An image of Rupert flew into her mind, of how he had put that other string of pearls around her neck, lifting her hair, kissing where the pearls fit—he had used exactly the same words. They had been so much in love, and she had been so
young
.

“Don’t you like them? You can take them back if you wish, change them for something else.”

“No, oh, no.” She picked up the earrings and clipped them onto her ears, swinging her head for him to see. “They’re beautiful, Monsieur. Thank you. I shall treasure them.”

What a strange girl she was. He remembered giving jewelry to other women in his life, how they’d grabbed greedily, rushing to the mirror to try it on. He wondered what she would do when he was away. It would be a test—for him, as well as her.

He ate little, preferring to watch her, as she picked up the
fraises des bois
, one by one in her fingers, biting into them carefully, round-eyed with pleasure; oh, she was such a creature of
pleasure. Sometimes he’d watch her through the mirror when he was tying his tie and she’d be lying in bed, curled lazily with the cat, or he’d stare at her from behind the door when she didn’t know she was observed, watching as she fixed her hair, just the way he had watched his mother.

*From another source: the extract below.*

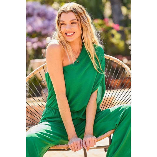 One Shoulder 3/4 Sleeve Unbalanced Waist Elastic Solid Pants Jumpsuit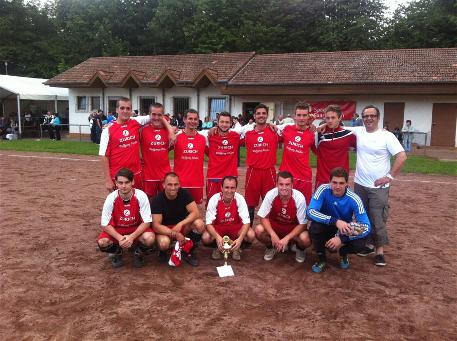 Im Finale am Sonntag, dem 01.07.12 setzte man sich nach einem spannenden Elfmeterschießen mit 11:10 gegen die favorisierte Spielgemeinschaft Holz/Wahlschied. Am Samstag hatte man sich der SG in der Vorrunde noch mit 1:0 geschlagen gegeben müssen. In der 2. Vorrundenpartie wurde durch ein 3:0 gegen die Sportfreunde aus Obersalbach das Halbfinale am Sonntag dennoch erreicht. Hier kam es zur Begegnung mit der 2. Mannschaft der SG Holz/Wahlschied, die sich am Vortag gegen die Gastgeber aus Eiweiler und die Mannschaft vom VFB Heusweiler durchsetzen konnte. Diese Partie gewann unsere Mannschaft mit 2:0. Da die SG Holz/ Wahlschied 1 ihr Halbfinale gegen den Gastgeber aus Eiweiler mit 1:0 gewann, kam es im Finale zur Neuauflage der Vorrundenpartie. Nach einer taktisch klugen Partie, in der man der SG kaum Torchancen ermöglichte und selbst kurz vor Ende der regulieren Spielzeit noch eine Möglichkeit hatte die Partie für sich zu entscheiden, kam es zum Elfmeterschießen. Obwohl die Beine bei allen Schützen nach 200 Minuten Spielzeit innerhalb von 2 Tage schwer waren, verwandelten die ersten 10 Schützen beider Teams sicher. Beim Stand von 10:10 lief als 11. Schütze für den FCK Steven Schmidt an und auch hier war der Keeper der SG machtlos. Da im Gegenzug Achim Rieber von der SG Holz/Wahlschied das Tor knapp verfehlte, war die Überraschung perfekt.

The night had turned to heavy rain as they drove back through the gleaming streets of Paris and the street lamps flickered from the gloom in a halo of rainbow drops as they sat together in the intimate warmth of the cab, not touching each other but aware of the other’s nearness. He took her arm as they walked across the foyer of the hotel, waiting silently for the elevator. As the iron grill clanged shut, locking them into its cage, he took her into his arms, crushing her against him, pushing back her fur cape so that he could get at her breasts, sliding her dress straps from her shoulders until she was naked to the waist, devouring her hungrily as she leaned against the padded wall and cried out her passion. The elevator jolted them to some sort of sense as it stopped on their floor and he folded the cape across her naked breasts as they walked sedately, hand in trembling hand, along the corridor under the curious gaze of the night chambermaid.

As the big doors slammed shut behind them he was pulling off her cape, unclasping the heavy gold belt around her waist, sliding the dress down over her hips, leaving her clad only in thin silk knickers, as golden as the hair on her body—it was all she ever wore underneath. It was the way he liked it. He guided her into the salon. The lamps were lit and the big windows stared uncurtained onto the rain-slick streets. The room was quiet except for the sounds of their breathing and the rain on the windows. He took off his jacket and laid it carefully across the chair as she waited, her hands on her breasts, anticipating his touch. He came over to her, naked and ready, wanting her,
needing
her. She sank beneath his weight into the blueness of the carpet, opening to him unresistingly, accepting his passion as he plunged into her, thrusting hard against her until she fought, scratching his back with demanding nails, begging for more as they rolled together on the rug sweating and crying like animals engaged in combat, striving toward an ultimate goal as if they were never sure that it had been reached.


• 19 •

Caro could see that Léonie was upset by Monsieur’s absence. She never actually said so, but she was quieter than usual and seemed at a loss as to how to fill her time. “We’ll go to Drouet’s salesroom,” she told her one afternoon, “and see if we can find the sort of bed you want—although I’m not too sure what it is you’re looking for.”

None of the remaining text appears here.